My intent is to cover each one of these as clearly as possible from data.table perspective.

(我的目的是从data.table的角度尽可能清楚地涵盖其中的每一个。)

Note: unless explicitly mentioned otherwise, by referring to dplyr, we refer to dplyr's data.frame interface whose internals are in C++ using Rcpp.

(注意:除非另有明确说明,否则通过引用dplyr,我们引用dplyr的data.frame接口,其内部使用Rcpp在C ++中。)


The data.table syntax is consistent in its form - DT[i, j, by] .

(data.table语法的形式是一致的 - DT[i, j, by] 。)

To keep i , j and by together is by design.

(保持ijby在一起是设计的。)

By keeping related operations together, it allows to easily optimise operations for speed and more importantly memory usage , and also provide some powerful features , all while maintaining the consistency in syntax.

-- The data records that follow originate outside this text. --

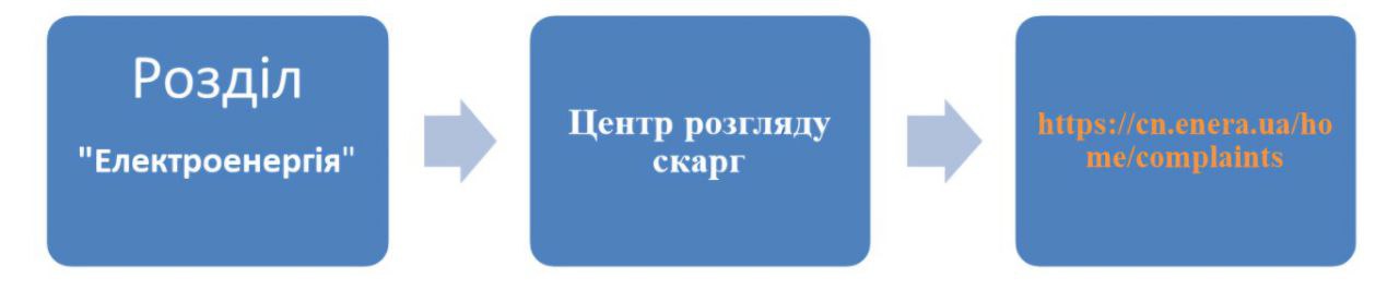 Для розгляду скарг заявником щодо порушення їхніх прав та законних інтересів, пов’язаних з електропостачанням у Товаристві реалізовано функції центру розгляду скарг (ЦРС). З процедурою розгляду скарги, звернень/претензій, порядком дій заявника у разі його незгоди з отриманою відповіддю за результатом розгляду скарги можна ознайомитись за посиланням: https://cn.enera.ua/home/complaints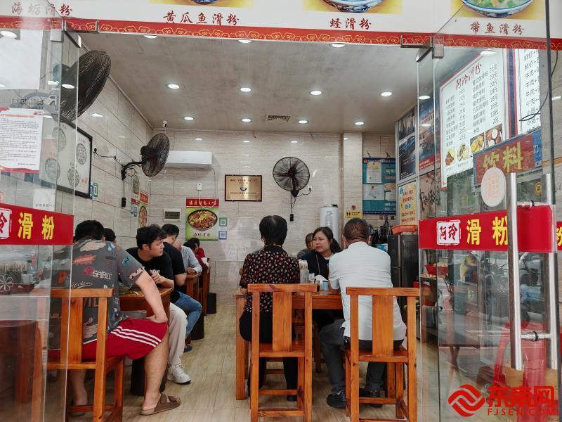 阿玲滑粉店内(东南网福清站记者王倩雯 摄) 中午十一点半,阿玲滑粉店内坐满了人,服务员端着碗穿梭在餐桌间,偶尔还要回应顾客“加份小吃”的要求。 “我们开了快10年了,都是老顾客多。”店主孙先生介绍,“每天早上起来准备食材,滑粉都是手工做的,客人吃得放心,我们也踏实。”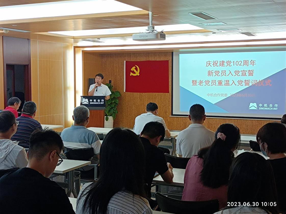 国歌嘹亮,誓词铿锵。6月30日上午,为庆祝中国共产党成立102周年,激励广大共产党员坚定信念、增强党性,不忘初心、牢记使命,奋进新征程,建功新时代,中机合作举行新党员宣誓和老党员重温入党誓词仪式。中机合作党委书记、董事长、总经理郭春阳参加并讲话。

(通过将相关操作保持在一起,它允许轻松优化操作以提高速度 ,更重要的是内存使用 ,并提供一些强大的功能 ,同时保持语法的一致性。)

1. Speed (1.速度)

Quite a few benchmarks (though mostly on grouping operations) have been added to the question already showing data.table gets faster than dplyr as the number of groups and/or rows to group by increase, including benchmarks by Matt on grouping from 10 million to 2 billion rows (100GB in RAM) on 100 - 10 million groups and varying grouping columns, which also compares pandas .

(相当多的基准测试(尽管主要是分组操作)已经添加到已经显示data.table的问题比dplyr 更快 ,因为要分组的组和/或行的数量增加,包括Matt在分组上的基准1000万到20亿行 (100GB内存)在100-1000万个组和不同的分组列上,这也比较了pandas 。)

See also updated benchmarks , which include Spark and pydatatable as well.

(另请参阅更新的基准测试 ,其中包括Sparkpydatatable 。)

On benchmarks, it would be great to cover these remaining aspects as well:

(在基准测试中,覆盖这些剩余方面也很棒:)

  • Grouping operations involving a subset of rows - ie, DT[x > val, sum(y), by = z] type operations.

    (涉及行子集的分组操作 - 即DT[x > val, sum(y), by = z]类型的操作。)

  • Benchmark other operations such as update and joins .

    (对其他操作进行基准测试,例如更新连接 。)

  • Also benchmark memory footprint for each operation in addition to runtime.

    (除运行时外,还为每个操作的基准内存占用量 。)

2. Memory usage (2.内存使用情况)

  1. Operations involving filter() or slice() in dplyr can be memory inefficient (on both data.frames and data.tables).

    (涉及dplyr中的filter()slice()的操作可能内存效率低(在data.frames和data.tables上)。)

    See this post .

    (看这篇文章 。)

    Note that Hadley's comment talks about speed (that dplyr is plentiful fast for him), whereas the major concern here is memory .

    (请注意, Hadley的评论谈论速度 (dplyr对他来说很快),而主要关注的是记忆 。)

  2. data.table interface at the moment allows one to modify/update columns by reference (note that we don't need to re-assign the result back to a variable).

    (data.table接口目前允许通过引用修改/更新列(请注意,我们不需要将结果重新分配回变量)。)

     # sub-assign by reference, updates 'y' in-place DT[x >= 1L, y := NA] 

    But dplyr will never update by reference.

    (但dplyr 永远不会通过引用更新。)

    The dplyr equivalent would be (note that the result needs to be re-assigned):

    (dplyr等价物将是(注意结果需要重新分配):)

     # copies the entire 'y' column ans <- DF %>% mutate(y = replace(y, which(x >= 1L), NA)) 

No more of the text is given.